2021-10-11 10:32:44 Hail: INFO: Coerced sorted dataset
2021-10-11 10:32:44 Hail: INFO: Coerced sorted dataset


s,is_female,f_stat,n_called,expected_homs,observed_homs,sex,gender
str,bool,float64,int64,float64,int64,str,str
"""FN000187""",True,-0.0852,1185,1010.0,992,"""f""","""m"""
"""FN000861""",True,-0.18,1284,1080.0,1046,"""f""","""m"""
"""FN000871""",True,-0.0836,1282,1080.0,1062,"""f""","""m"""
"""FN000884""",False,0.87,982,859.0,966,"""m""","""f"""
"""FN000902""",False,0.882,716,648.0,708,"""m""","""f"""
"""FN000957""",False,0.875,920,808.0,906,"""m""","""f"""
"""FN001127""",False,0.922,997,868.0,987,"""m""","""f"""

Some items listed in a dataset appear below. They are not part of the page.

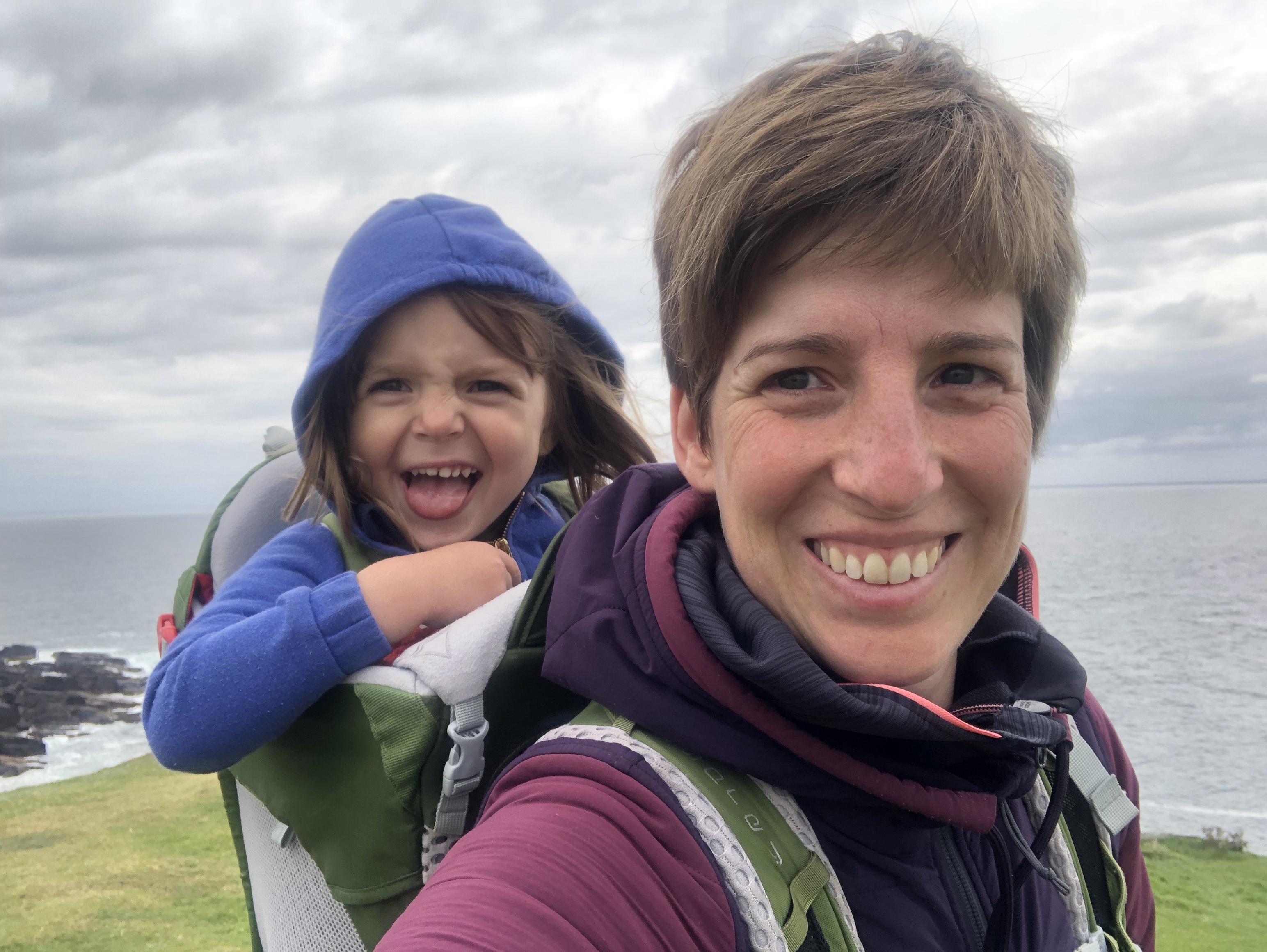 Aan de top was t super winderig dus we gaven Lia snel een banaantje, aten zelf de rest van de snoepjes op, wisselden de kids van draagzak en besloten hen beiden weer naar beneden te dragen. Onder luid protest van Ava die natuurlijk zelf wilde stappen, maar na 2 minuten sliep ze dus t was absoluut een goede keuze… afdalen was best pittig voor de knieen, maar we waren beide super blij dat we toch doorgezet hadden op deze wandeling!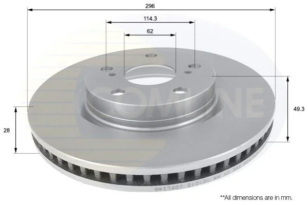 - Диск гальмівний вентильований з покриттям Toyota Auris 10->, Mirai 14->, Prius 11->, RAV 4 06-> Comline ADC01147V
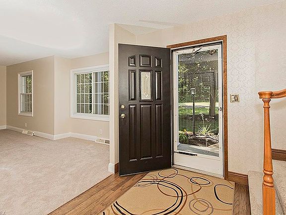 Room to grow! This classic 5 bedroom colonial is situated on a wooded lot only minutes from the Cuyahoga Valley National Park, Interstates and major shopping. The classic floor plan is as in demand today as when this home was built. The kitchen features brand new cabinets, counter tops, range refrigerator and microwave. The kitchen eating area overlooks the Family Room with fireplace and slider to the new 24' x 18' concrete patio and 12' x 12' gazebo. The level, usable backyard is perfect for entertainment. There are hardwood floors as indicated in the individual room information with new carpeting in some rooms. The elegant 22' x 18' Master Bedroom has double closets and a slider to a balcony which overlooks the backyard. Most rooms have been freshly painted. The driveway has been widened and the 2+ car garage has a large, multi-use storage area. The owners are providing a one-year home warranty.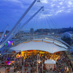 Suq è una parola araba che significa mercato, quindi luogo di convergenza e di scambio; per conoscere gli altri è indispensabile conoscere la loro cultura, le loro tradizioni, assaggiare cibi diversi, condividere emozioni intorno a un tavolo. Questa l’idea che ha ispirato Valentina Arcuri e Carla Peirolero nel dare vita al Suq Festival, con la scenografia teatrale, firmata da Luca Antonucci, che riproduce un grande bazar dei popoli, con al centro il palcoscenico per gli spettacoli e tutto intorno spazi per artigianato dal mondo, cucine etniche, progetti solidali. Vera calamita e attrazione del Festival è l’offerta dei tanti cibi da gustare, nell’edizione 2024 sono 13 le cucine: senegalese, indiana, keniota, peruviana, messicana, persiana, vegana, siriana, araba, nordeuropea, mediorientale, sud est asiatica, tunisina.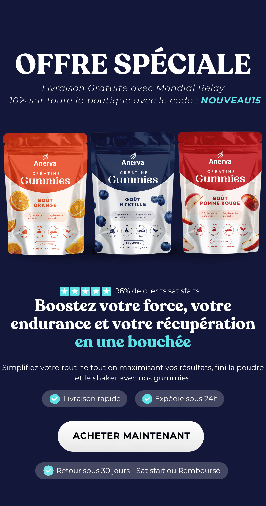 Courbaturé après une grosse séance ? La créatine aide à réparer plus rapidement les micro-déchirures musculaires, vous permettant de revenir plus vite à l’entraînement. Moins de temps à souffrir, plus de temps à progresser.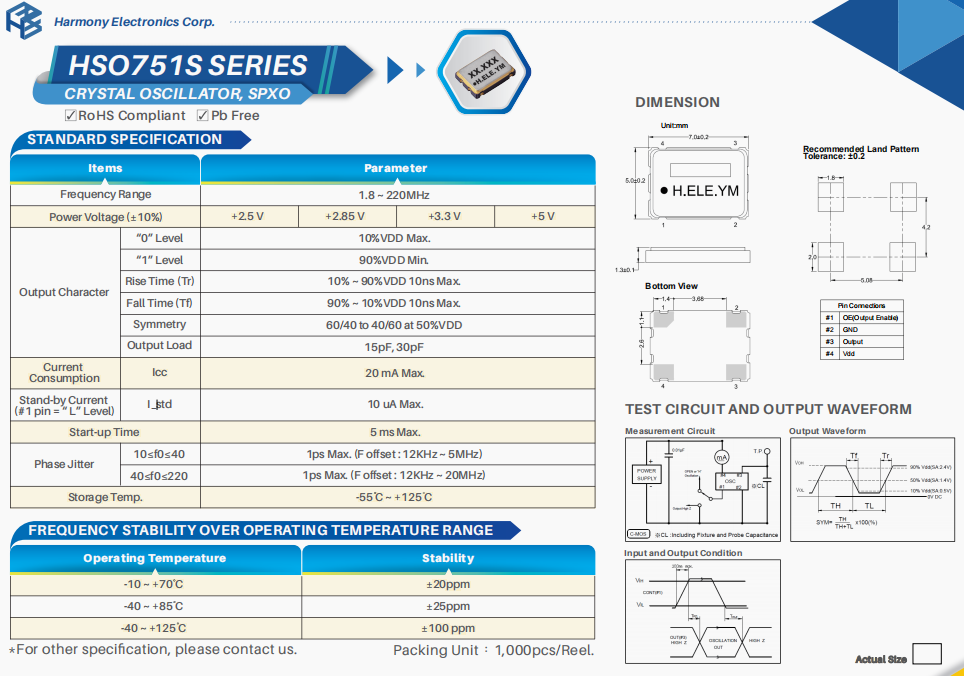 | X3S020000BF1HA‐V | 加高晶振 | HSX321S | 20 MHz | ±30ppm | 15pF | -40°C ~ 85°C |

We will investigate whether poor data quality can explain the disconcordancy. If anything seems to be abnormal with these samples, we may distrust the data.

In [14]:
# Annotate the table with a boolean sex mismatch variable.
imputed_sex_ht = imputed_sex_ht.annotate(sex_mismatch = imputed_sex_ht.sex != imputed_sex_ht.gender)

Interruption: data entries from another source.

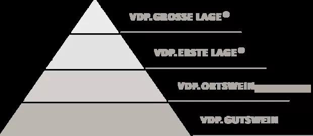 VDP酒莊使用著一套與德國官方葡萄酒分級同時存在,卻又完全獨(dú)立的分級系統(tǒng)。眾所周知,1971年頒布的德國官方葡萄酒分級以葡萄成熟度為標(biāo)準(zhǔn),但這個標(biāo)準(zhǔn)過于片面,難以區(qū)分酒的真實(shí)品質(zhì)。為了解決這個問題,VDP建立了聯(lián)盟內(nèi)部的分級制度,最新的分級制度更新于2012年,以勃艮第的風(fēng)土理念為出發(fā)點(diǎn):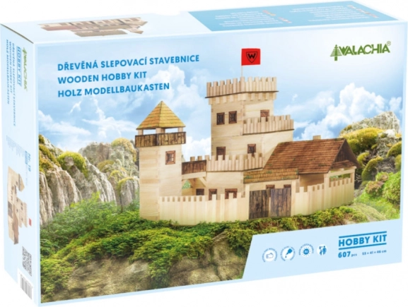 Sestavite si svojo srednjeveško zgodbo z leseno sestavljanko WALACHIA – Grad v merilu 1:32. Set vsebuje 607 delov iz kakovostnega lesa s papirnatimi dodatki (okna, vrata, strehe) in podrobnimi navodili. Končni model meri približno 53 × 41 × 46 cm in ponuja zahtevnost 4/5 za odlično modelarsko izkušnjo.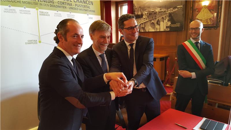 „Die Erreichbarkeit ist eine der Prioritäten des Landes Südtirol in Sachen öffentlicher Nahverkehr, nicht nur innerhalb der Landesgrenzen, sondern auch darüber hinaus“, betont Landeshauptmann Arno Kompatscher heute in Cortina d’Ampezzo. „Deshalb hat die Landesregierung grünes Licht gegeben, um das Projekt der Bahnstrecke Pusteral – Cadore konkret auf den Weg zu bringen. Mit der heutigen Unterschrift haben wir den Startschuss für die Machbarkeitsstudie gegeben“, so Kompatscher. Gemeinsam mit dem Präsidenten der Region Venetien, Luca Zaia, hat der Landeshauptmann heute im Rathaus von Cortina d’Ampezzo das entsprechende Einvernehmensprotokoll unterzeichnet. Die zusätzliche Gegenwart des Ministers für Infrastrukturen und Transport, Graziano Delrio, hat die Bedeutung dieses Projektes unterstrichen.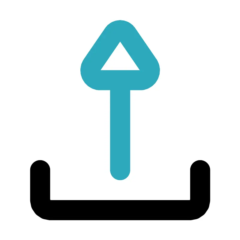 <svg fill="#000000" width="800px" height="800px" viewBox="0 0 24 24" id="upload-9" data-name="Line Color" xmlns="http://www.w3.org/2000/svg" class="icon line-color"><path id="secondary" d="M12,17V8m-.69-4.62L9.17,6.5A1,1,0,0,0,9.86,8h4.28a1,1,0,0,0,.69-1.5L12.69,3.38A.82.82,0,0,0,11.31,3.38Z" style="fill: none; stroke: rgb(44, 169, 188); stroke-linecap: round; stroke-linejoin: round; stroke-width: 2;"></path><path id="primary" d="M4,17v3a1,1,0,0,0,1,1H19a1,1,0,0,0,1-1V17" style="fill: none; stroke: rgb(0, 0, 0); stroke-linecap: round; stroke-linejoin: round; stroke-width: 2;"></path></svg>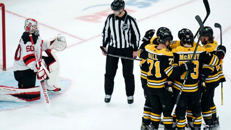 Bruins bust out for 8-1 victory over Devils as Rask is honored

# Annotate the matrix table with the same information.
mt = mt.annotate_cols(sex_mismatch = imputed_sex_ht[mt.s].sex_mismatch)

The plot below shows the per samples DP mean and against different other QC variables. The samples with disconcordant sex are highlighted in blue.

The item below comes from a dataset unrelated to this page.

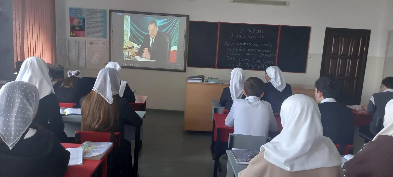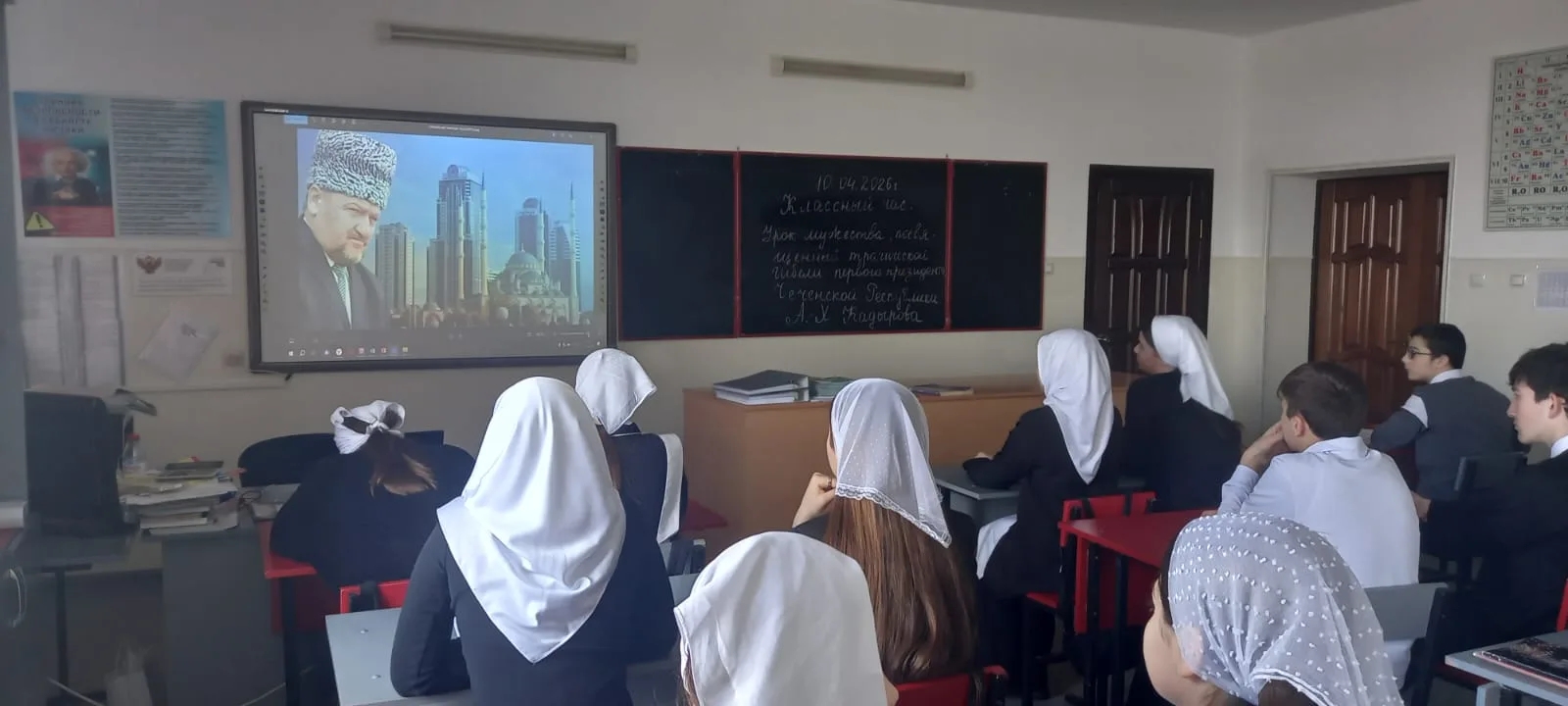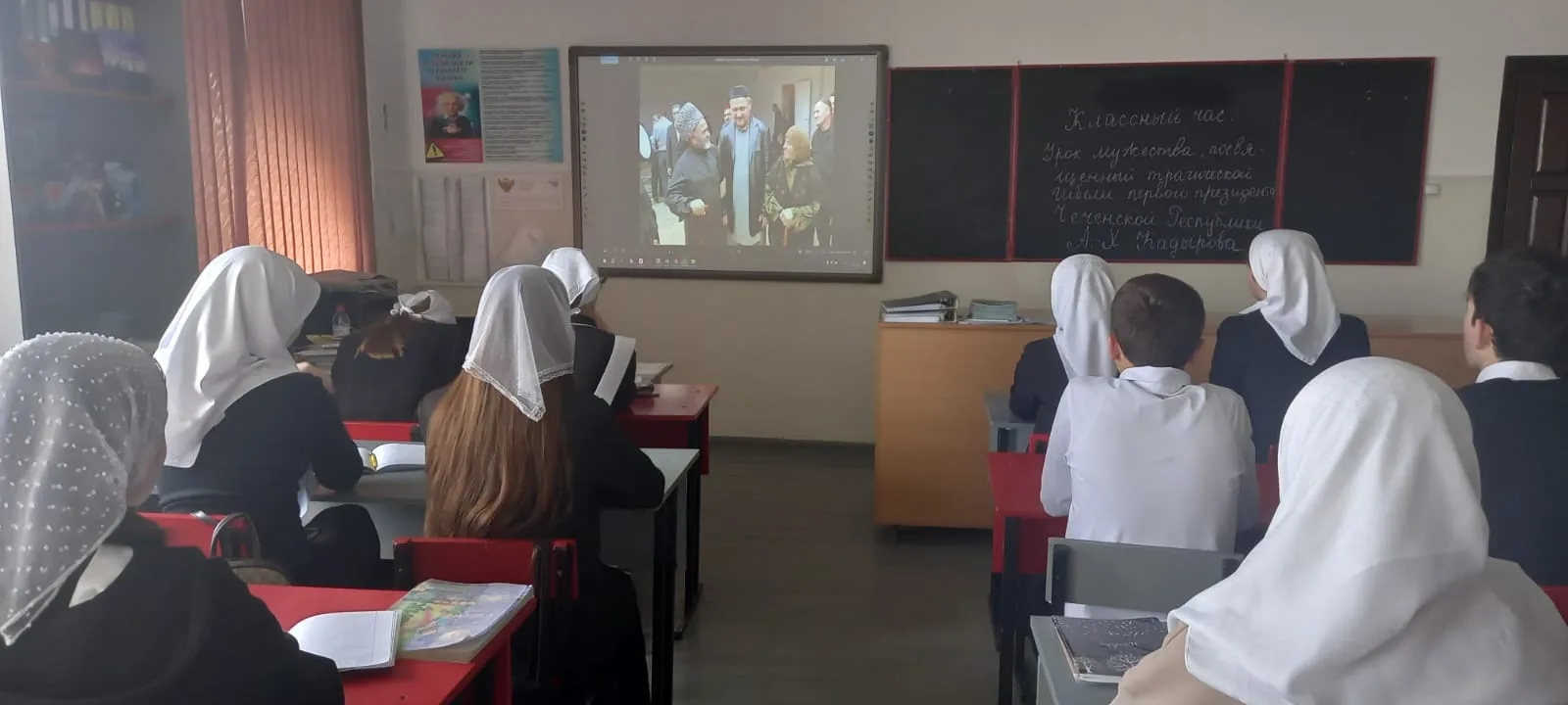 Сегодня в нашей школе прошли классные часы, посвященные жизненному пути Ахмата-Хаджи, его политической деятельности и трагической гибели 9 мая 2004 года. Классные руководители рассказали о трагедии, в которую оказался втянут чеченский народ в середине 90-х годов прошлого столетия, и о взошедшем на политический олимп общественно-политическом и религиозном деятеле Ахмата-Хаджи. Обрисовали общую ситуацию в республике после завершения активной фазы военных действий. Разруха, хаос, царивший в республике и многочисленные жертвы от рук экстремистов. Ахмат_Хаджи Кадырову благодаря личному мужеству, самоотверженности и всеобщей народной поддержки удалось, сравнительно за короткий период, остановить беспредел в республике и направить ситуацию в конструктивное русло. Он указал нам путь к мирному развитию, который сегодня продолжает достойный сын своего отца Глава ЧР, Герой России Рамзан Кадыров.

We must note that it seems that GQ seems to be correlated with number of heterozygotes. Samples with low genotype quality seem to have fewer heterozygotes. This does make some intuitivt sense. If a sample has low depth it will have fewer called variants, therefore more homozygote reference and therefore fewer heterozygotes. This same pattern is reflected in the call rate and number of singletons.

In [15]:
exprs_list = [('# heterozygotes', mt.sample_qc.n_het), ('Ti/Tv rate', mt.sample_qc.r_ti_tv), ('Call rate', mt.sample_qc.call_rate), ('# singletons', mt.sample_qc.n_singleton)]
plot_list = []
for name, exprs in exprs_list:
    p = hl.plot.scatter(mt.sample_qc.dp_stats.mean, exprs, label=mt.sex_mismatch, title=name, xlabel='DP mean', ylabel=name)
    p.plot_width = 800
    p.plot_height = 500
    plot_list.append(p)

2021-10-11 10:32:45 Hail: INFO: Coerced sorted dataset
2021-10-11 10:32:45 Hail: INFO: Coerced sorted dataset
2021-10-11 10:32:47 Hail: INFO: Coerced sorted dataset
2021-10-11 10:32:47 Hail: INFO: Coerced sorted dataset
2021-10-11 10:32:48 Hail: INFO: Coerced sorted dataset
2021-10-11 10:32:48 Hail: INFO: Coerced sorted dataset
2021-10-11 10:32:49 Hail: INFO: Coerced sorted dataset
2021-10-11 10:32:49 Hail: INFO: Coerced sorted dataset


In [16]:
show(gridplot(plot_list, ncols=2, plot_width=600, plot_height=400))

There seems to be nothing abnormal with these samples with disconcordant imputed sex and self-reported gender. We will therefore trust that our computation is correct, and keep the samples.